Collected data
---
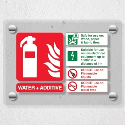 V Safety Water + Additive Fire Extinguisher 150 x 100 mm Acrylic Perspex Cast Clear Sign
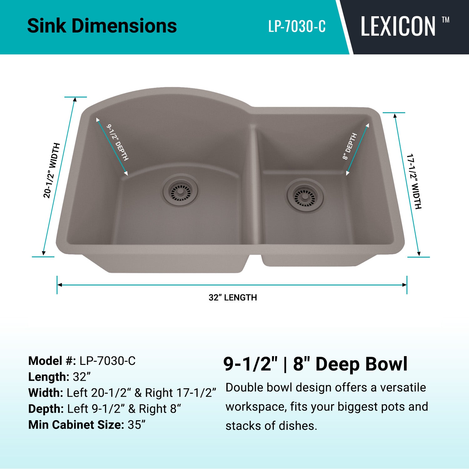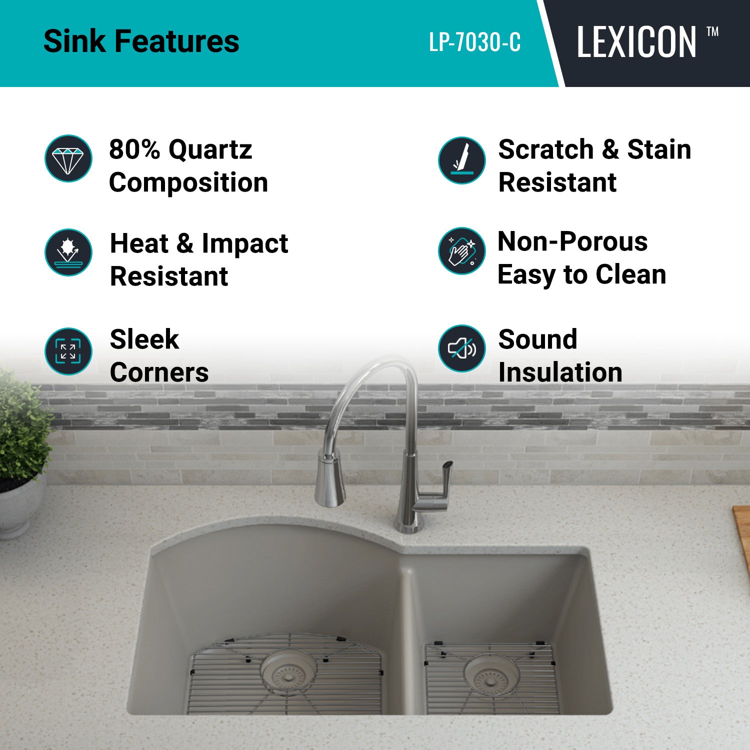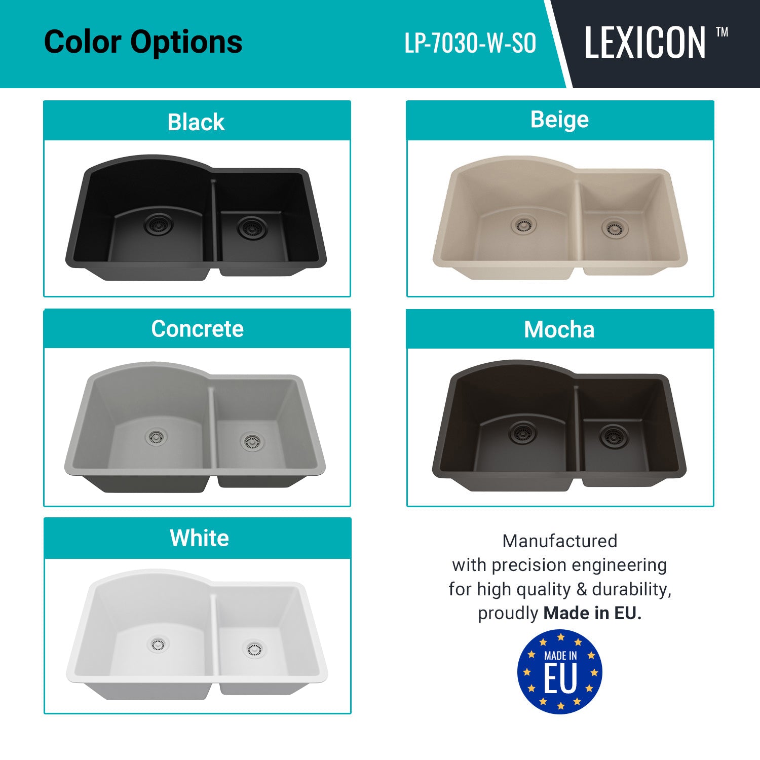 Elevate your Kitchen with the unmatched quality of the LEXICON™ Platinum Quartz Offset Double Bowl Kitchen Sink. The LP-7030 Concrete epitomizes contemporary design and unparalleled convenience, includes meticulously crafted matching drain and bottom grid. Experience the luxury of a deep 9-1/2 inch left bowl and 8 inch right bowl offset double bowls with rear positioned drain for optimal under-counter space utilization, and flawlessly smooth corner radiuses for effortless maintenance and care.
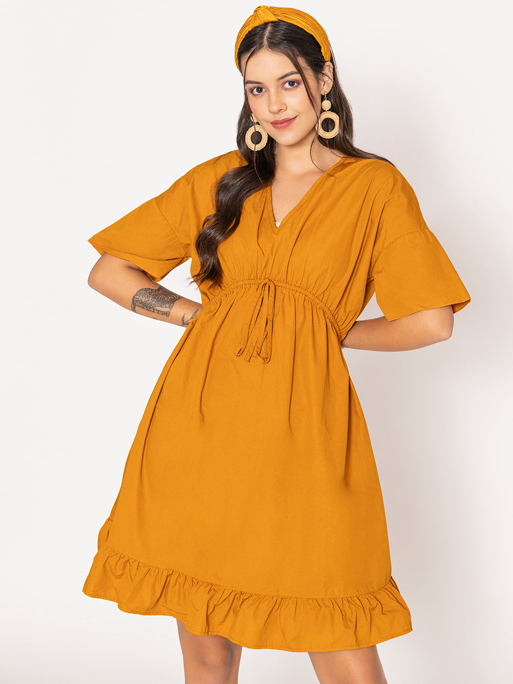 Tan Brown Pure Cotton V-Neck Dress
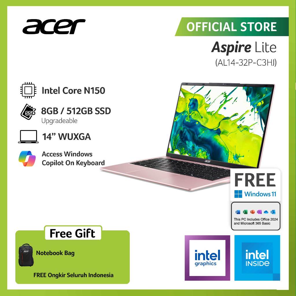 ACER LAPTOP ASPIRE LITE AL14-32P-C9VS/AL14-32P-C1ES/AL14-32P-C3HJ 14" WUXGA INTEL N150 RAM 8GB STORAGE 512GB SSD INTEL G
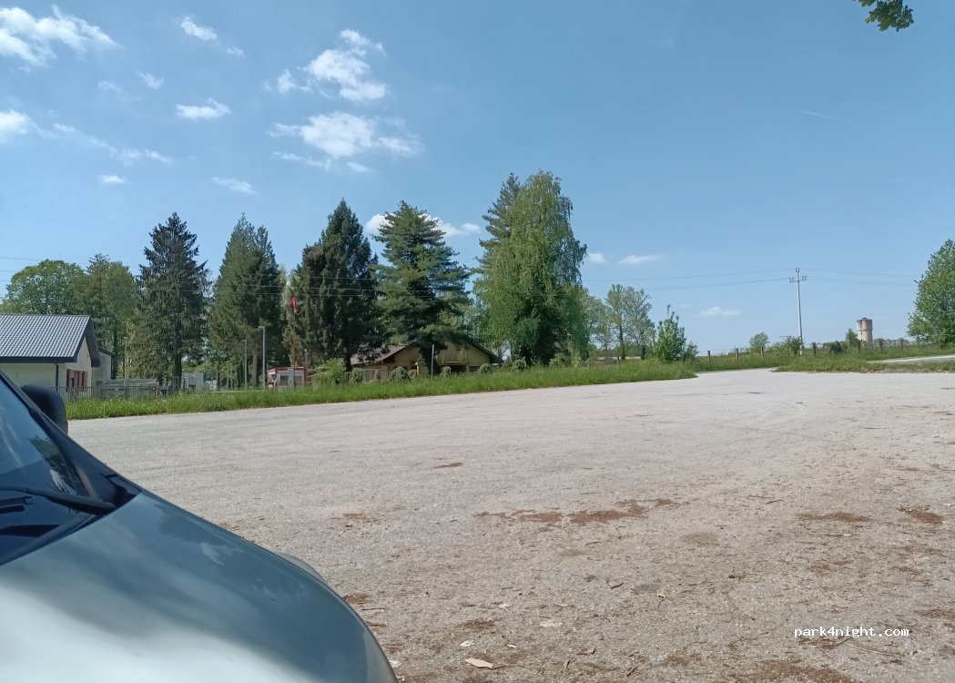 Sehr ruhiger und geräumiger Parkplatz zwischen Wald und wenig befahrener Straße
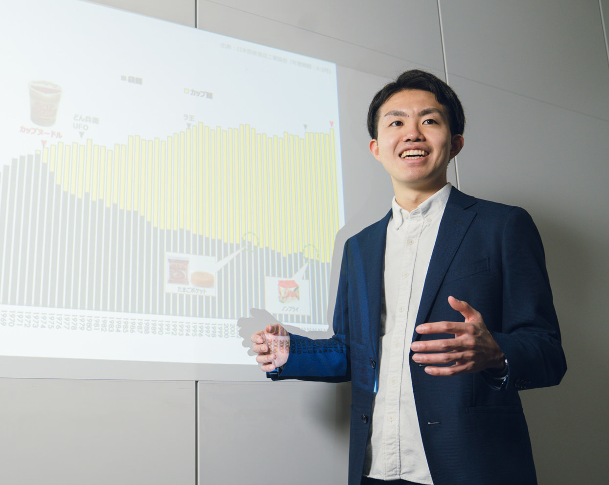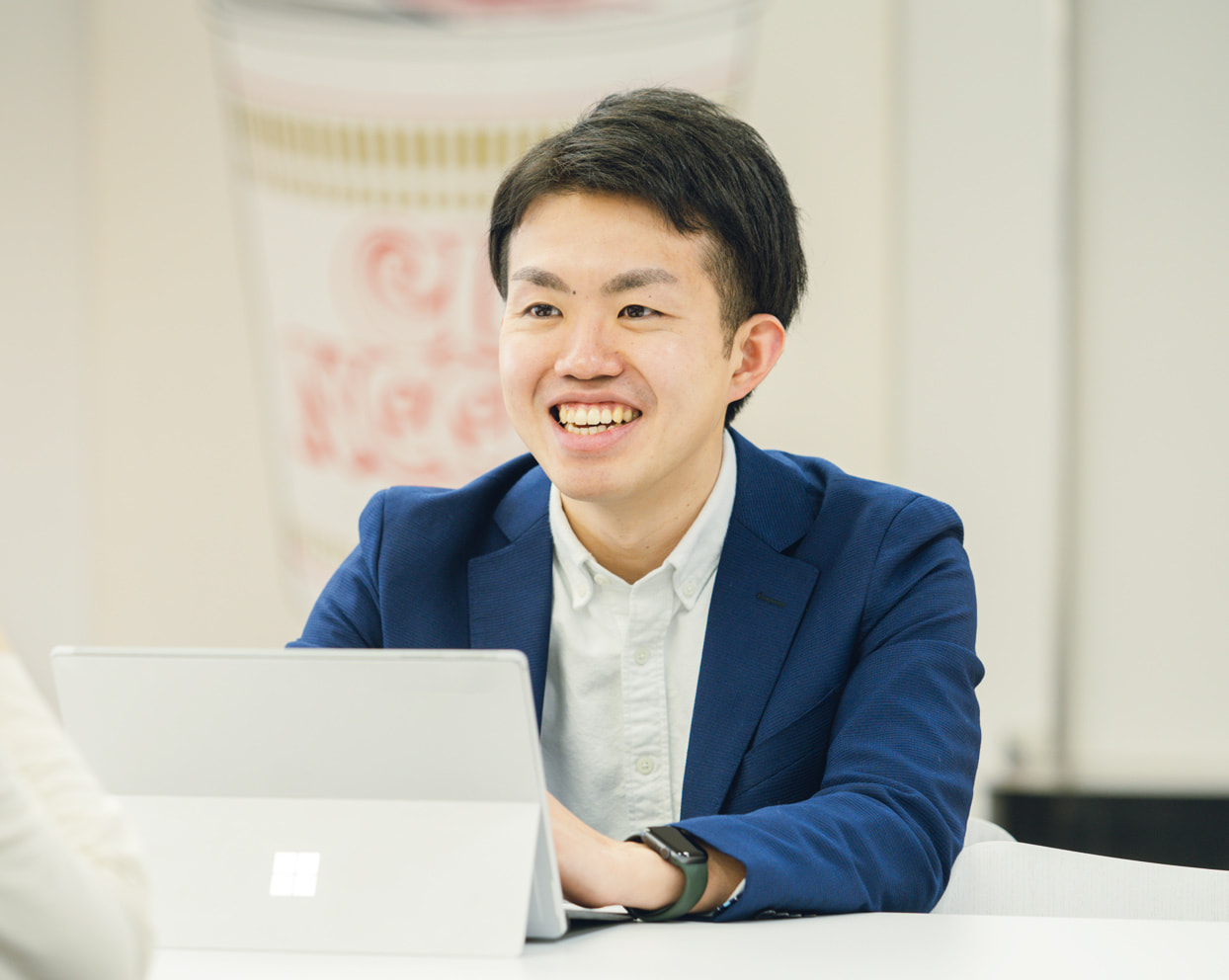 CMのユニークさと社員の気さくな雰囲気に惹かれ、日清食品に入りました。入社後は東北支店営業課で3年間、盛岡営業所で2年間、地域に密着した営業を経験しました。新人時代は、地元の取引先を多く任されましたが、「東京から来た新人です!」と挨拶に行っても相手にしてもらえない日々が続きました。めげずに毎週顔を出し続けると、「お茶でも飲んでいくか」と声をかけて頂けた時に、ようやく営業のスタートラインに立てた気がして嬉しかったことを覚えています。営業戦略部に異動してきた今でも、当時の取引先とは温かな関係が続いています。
---
Set down the entries word for word, omitting all pictures.

**Output of the task:**
 V Safety Water + Additive Fire Extinguisher 150 x 100 mm Acrylic Perspex Cast Clear Sign
 Elevate your Kitchen with the unmatched quality of the LEXICON™ Platinum Quartz Offset Double Bowl Kitchen Sink. The LP-7030 Concrete epitomizes contemporary design and unparalleled convenience, includes meticulously crafted matching drain and bottom grid. Experience the luxury of a deep 9-1/2 inch left bowl and 8 inch right bowl offset double bowls with rear positioned drain for optimal under-counter space utilization, and flawlessly smooth corner radiuses for effortless maintenance and care.
 Tan Brown Pure Cotton V-Neck Dress
 ACER LAPTOP ASPIRE LITE AL14-32P-C9VS/AL14-32P-C1ES/AL14-32P-C3HJ 14" WUXGA INTEL N150 RAM 8GB STORAGE 512GB SSD INTEL G
 Sehr ruhiger und geräumiger Parkplatz zwischen Wald und wenig befahrener Straße
 CMのユニークさと社員の気さくな雰囲気に惹かれ、日清食品に入りました。入社後は東北支店営業課で3年間、盛岡営業所で2年間、地域に密着した営業を経験しました。新人時代は、地元の取引先を多く任されましたが、「東京から来た新人です!」と挨拶に行っても相手にしてもらえない日々が続きました。めげずに毎週顔を出し続けると、「お茶でも飲んでいくか」と声をかけて頂けた時に、ようやく営業のスタートラインに立てた気がして嬉しかったことを覚えています。営業戦略部に異動してきた今でも、当時の取引先とは温かな関係が続いています。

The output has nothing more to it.